Hours later, in keeping with my habit of delaying routine maintenance until the eve of big trips, I changed the oil that was 7,000 miles overdue and bought a spare tire to replace the flat one that hung on the back of the Jeep for four months. Mo was leaving the next day for the birthday party of her nephew three hours away in Grand Rapids.
A snowstorm was forecast, and I had a vision: Mo and Hope, stranded by the side of the road, eating upholstery to survive. I'd blown a tire in our other car on the freeway four days before and been rescued by a drunk hobo and another passerby who actually knew what he was doing. That stuff temporarily jolts you into becoming a responsible car owner.
Feeling smug, I was driving home when I heard a rumble, rumble, rumble. Two lanes over, I spied a ramshackle van and sneered "You, sir, have no business on the road." Twenty seconds later, the distant rumble became immediate thunder, and I knew I was in trouble. Again.
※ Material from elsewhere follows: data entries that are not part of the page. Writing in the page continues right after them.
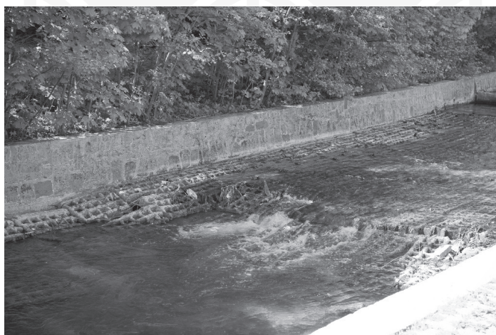
Ill. 7. Damages to the artificial riverbed bottom

the banks have been lined with concrete for more than a metre over the water surface with a very slight sloping angle. The above observation must lead to the conclusion that the land has been covered with hard surfacing without any reason – such actions do not increase the efficiency of the town's protection against flooding. A shallow basin with smooth surfaces, which impedes percolation of excess water during heavy rainfalls, only makes the situation worse by increasing the velocity of water flow. Thus, instead of protecting the town from flooding, it produces the exact opposite effect. In fact, nature has already verified the level of durability of several implemented solutions – in many places, the bottom has been damaged. The soil under the concrete slabs has been washed away, which has caused their collapse. The visual impression has greatly deteriorated due to this occurrence – it confirms that the maxim 'more is better' is not always the case. If the riverbed had been left in its natural state, such a situation would never have taken place, as it would have been shaped in the same manner all along its course. Moreover, even if there had been some points of damage, they would not have been so strikingly visible against the natural background, as is the case with artificial reinforcement.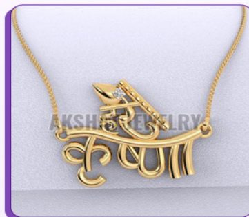
Hare Krishna Gold Pendant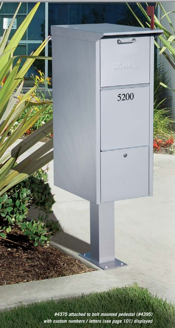
#4375 attached to bolt mounted pedestal (#4395) with custom numbers / letters (see page 101) displayed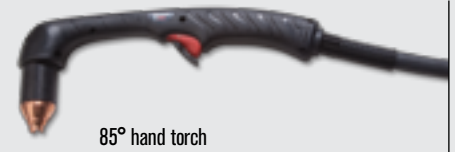
85° hand torch

Duramax Hyamp standard torch styles (for more torch options, see www.hypertherm.com )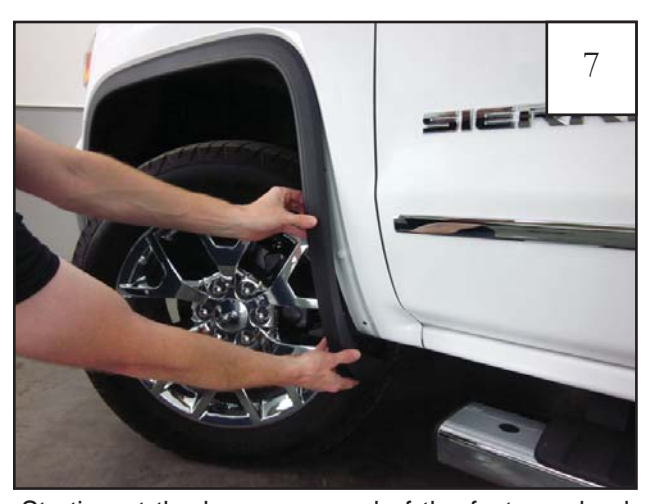
Starting at the lower rear end of the factory wheel arch molding, firmly grip part and pull to remove from vehicle. Note: You will hear popping sounds as the factory fasteners release from vehicle. This is normal.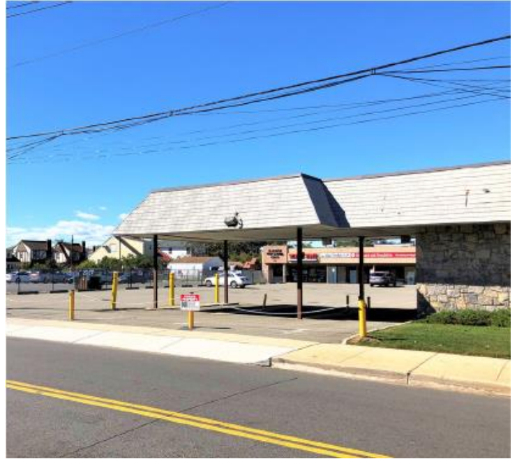
Sheltered Drive-Thru & Parking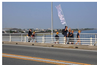
Walking, walking !

Their parents are sure that they can change their mind and attitude with the change of the children.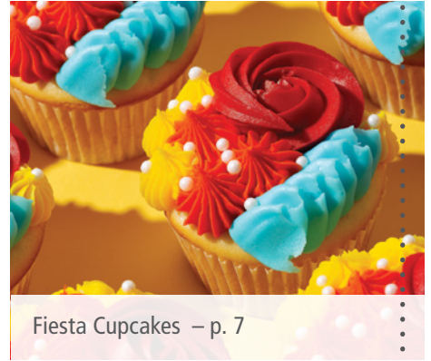
Fiesta Cupcakes – p. 7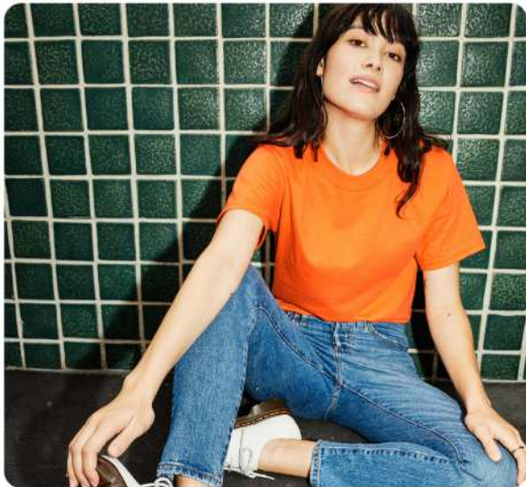
5180 | Hanes Unisex Beefy-T® T-Shirt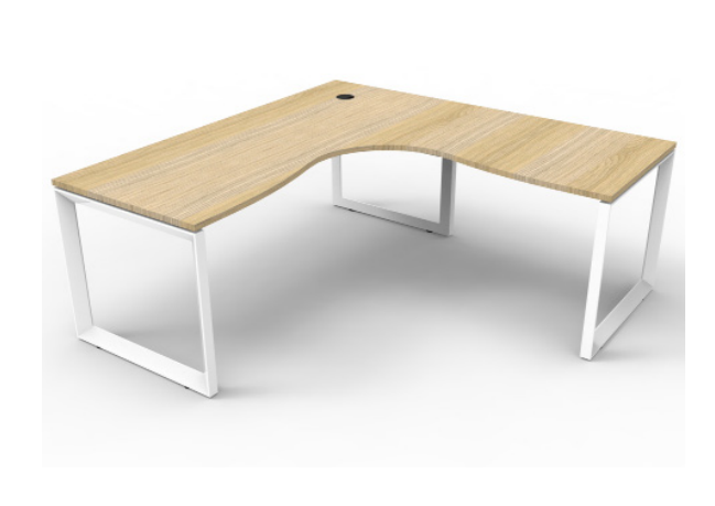
Corner Workstations Available with Screen attachment. Available in two sizes: 1500 or 1800 mm.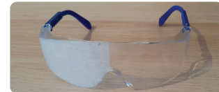
Loss of binocular vision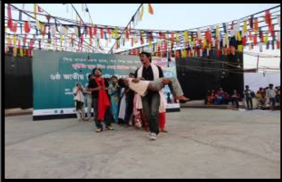
6th International Theater Festival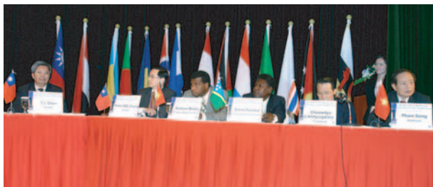
The Asia-Pacific Health Forum included panelists from Australia, Fiji, Japan, Maldives, Marshall Islands, Papua New Guinea, Taiwan, Thailand, the Solomon Islands and Vietnam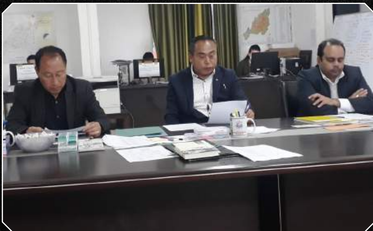
Minister Planning & Coordination and State Spokesperson for Covid-19, Neiba Kronu briefing on Covid-19 Status in Nagaland at NSDMA State Level Control Room Keziekie, Kohima on 27th March 2020.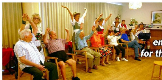
Fun and entertainment for the residents!

Performance of the Austrian/Australian Club 08/10/2019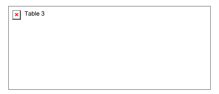
TABLE III. Results From a Randomized, Assessor-blind, Group Comparative, Single Center Safety and Efficacy Study of Follistim® (Protocol 37604) in Infertile Women Treated With In Vitro Fertilization With Follistim® or Humegon® Without Pituitary Suppression With a GnRH Agonist1

Results from a randomized, assessor-blind, group comparative, single center safety and efficacy study of Follistim® (Protocol 37604) in 89 infertile women treated with in vitro fertilization with Follistim® or Humegon® without pituitary suppression with a GnRH agonist are summarized in Table III.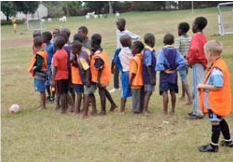
SPORTS, whether varsity basketball or a children's football (soccer) clinic, play an important roll in the life of UCU.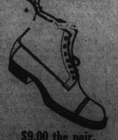
$9.00 the pair.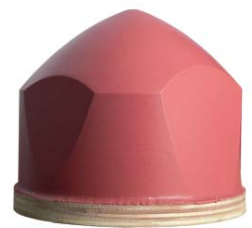
PRINTING PADS DIFFERENT STYLES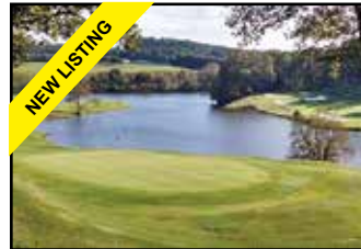
MLS 63898 - Laurel Fork - Lakefront building lot, 0.6 ac., lot #21 overlooking the 11th green, Olde Mill Golf Course, lakeside, cleared for views of lake, clubhouse amenities including restaurant, near Blue Ridge Parkway. $89,000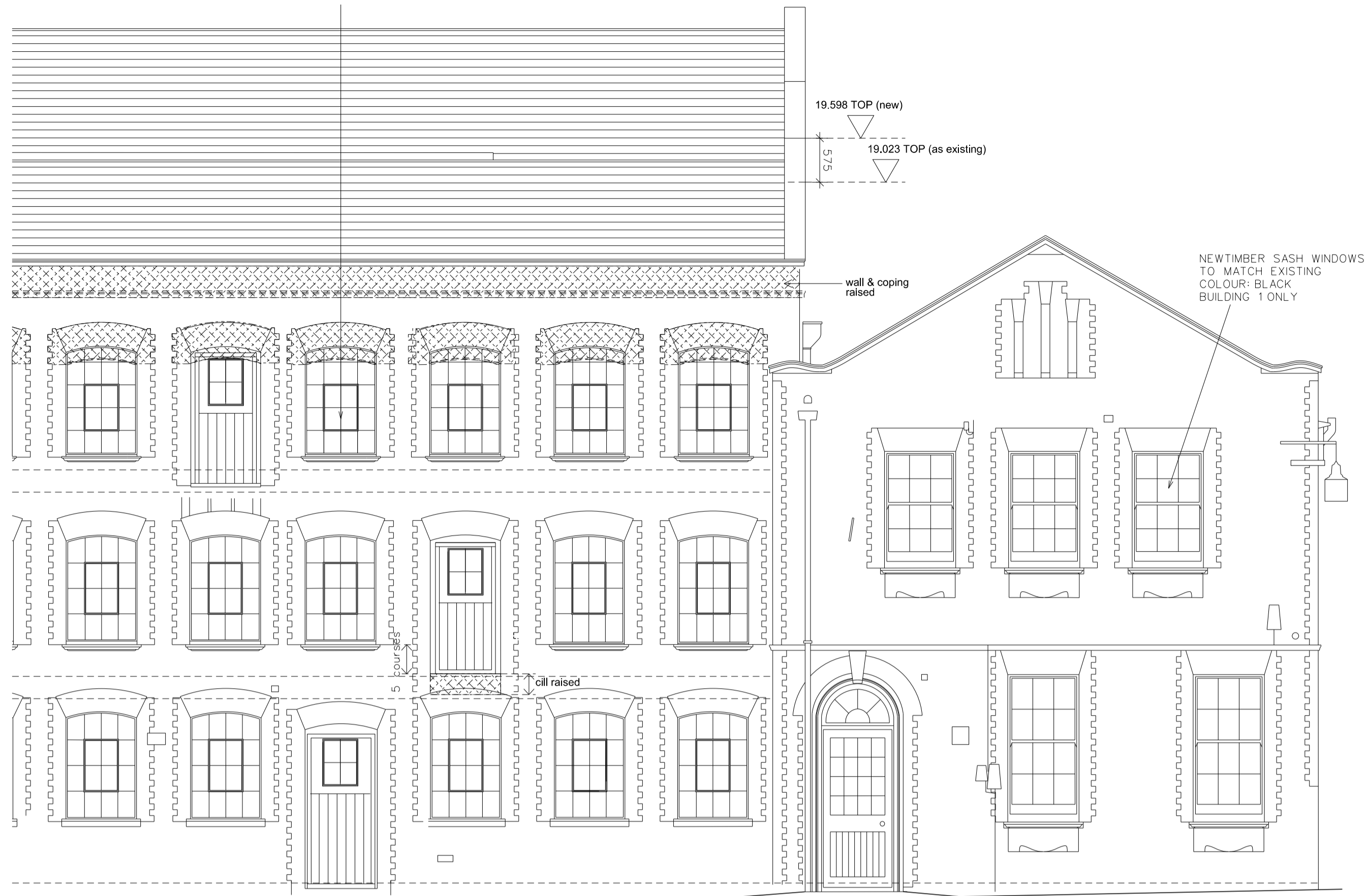
SOUTH ELEVATION - BUILDING 2

REPLACEMENT METAL WINDOWS TO MATCH EXISTING COLOUR: BLACK ALL BLOCKS EXCEPT BLOCK 1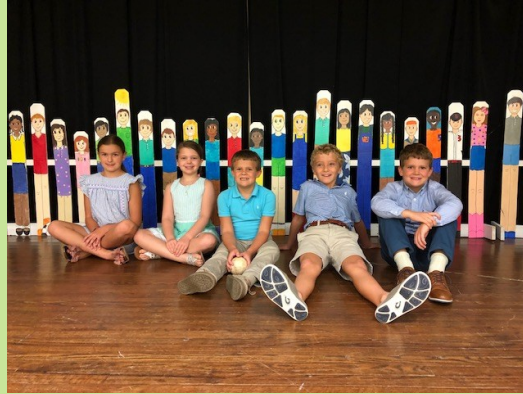
3rd Grade Bible recipients & Rally Day (9/8/19)

I called AAA. Thirty minutes just to talk to an operator. I eased into a gas station, called Mo and shrugged off her entries to pick me up. How hard can it be? I did this once 20 years ago: Raise the jack, remove the wheel, put a new one on. I'd be on the road in 10 minutes.
She called back three times, offering to drive the 2 miles to get me. Each time, I assured her I had it covered. Within 30 minutes, I adopted a new strategy: Look as pathetic as possible and hope someone takes pity on me.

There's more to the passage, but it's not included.